Elshazly Marwa, Jawad Sondus, Ahmed Ayesha, ElGeed Hager, Yusuff Kazeem Babatunde
Department of Clinical Pharmacy and Practice, College of Pharmacy, QU Health, Qatar University, Doha, Qatar.
PLoS One. 2025 Jan 30;20(1):e0316363. doi: 10.1371/journal.pone.0316363. eCollection 2025.
There is paucity of studies focused on the enablers and barriers to community pharmacists' readiness to deprescribe inappropriate medications for older adults in developing settings. The current study assessed the enablers and barriers to community pharmacists' readiness to implement deprescribing of inappropriate medications for older adults. A cross-sectional survey of 252 community pharmacists was conducted in Qatar with a pre-tested 24-item questionnaire developed with the theory of domain framework. Information about perceived enablers and barriers were elicited with a 5-point Likert-type scale. The response rate was 79.4% (200/252). The majority of the community pharmacists were females (54.5%), within the age range of 20-40 years (88.0%), had BSc / BPharm as the highest educational qualification (70.5%), were full-time employee (97.0%). The top-ranked enablers of community pharmacists' readiness to implement deprescribing were exposure to CPD on the use of deprescribing toolkits and algorithm (66%), interprofessional collaboration with physicians (60.5%) and shared electronic patient record (59.5%), and improved remuneration / re-imbursement 58%). The top-ranked barriers were lack of access to patient records (70.5%), ineffective collaboration with physicians (66.5%), lack of time due to heavy workload (65%), regulatory framework that limit expansion of clinical roles (51%) and intense focus on sales target (49%). The top-ranked enablers of community pharmacists' readiness to implement deprescribing were exposure to CPD on the use of deprescribing toolkits and algorithm, interprofessional collaboration with physicians and shared electronic patient record. These findings bode well for the implementation of community pharmacists-led deprescribing of inappropriate medications for older adults in Qatar. However, a number of critical barriers were identified, and these will require institutional, regulatory and organizational interventions to improve readiness.
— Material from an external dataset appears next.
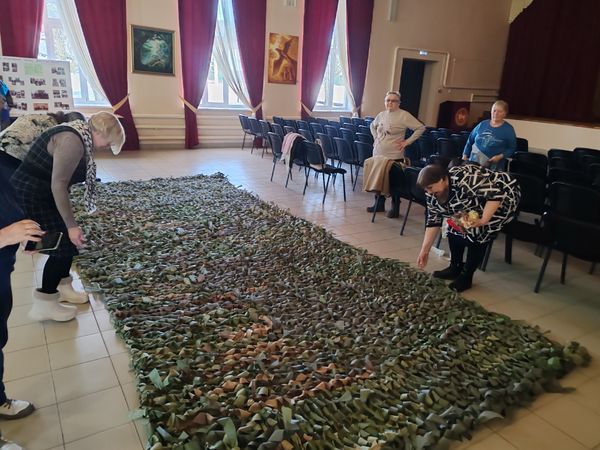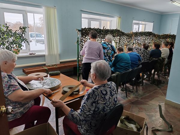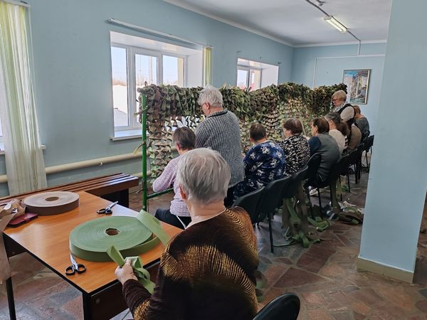 На этой неделе были сплетены очередные маскировочные сети. Благодаря нашим пенсионерам-волонтёрам и их финансовой помощи были закуплены необходимые материалы: 5 основ для плетения, 2 упаковки шнуров для обвязки и 5 бобин маскировочной ленты. За каждым узелком — мысль о безопасности солдата. За каждой купленной бобиной — желание людей старшего поколения защитить тех, кто сейчас на передовой. Это не просто гуманитарная помощь, это тепло родных рук, которое согревает в окопах наших солдат.

在发展中环境下,针对社区药剂师为老年人停用不适当药物的促成因素和障碍的研究较少。本研究评估了社区药剂师为老年人停用不适当药物的促成因素和障碍。在卡塔尔对252名社区药剂师进行了横断面调查,使用基于领域框架理论编制并预先测试的24项问卷。通过5点李克特量表收集有关感知到的促成因素和障碍的信息。回复率为79.4%(200/252)。大多数社区药剂师为女性(54.5%),年龄在20 - 40岁之间(88.0%),最高学历为理学学士/药学学士(70.5%),是全职员工(97.0%)。社区药剂师准备实施停用药物的排名靠前的促成因素是接触关于使用停用药物工具包和算法的持续专业发展(CPD)(66%)、与医生的跨专业协作(60.5%)和共享电子病历(59.5%),以及提高薪酬/报销(58%)。排名靠前的障碍是无法获取患者记录(70.5%)、与医生的协作无效(66.5%)、由于工作量大而缺乏时间(65%)、限制临床角色扩展的监管框架(51%)和对销售目标的过度关注(49%)。社区药剂师准备实施停用药物的排名靠前的促成因素是接触关于使用停用药物工具包和算法的CPD、与医生的跨专业协作和共享电子病历。这些发现对于在卡塔尔实施由社区药剂师主导的为老年人停用不适当药物的工作来说是个好兆头。然而,也发现了一些关键障碍,这需要机构、监管和组织层面的干预来提高准备程度。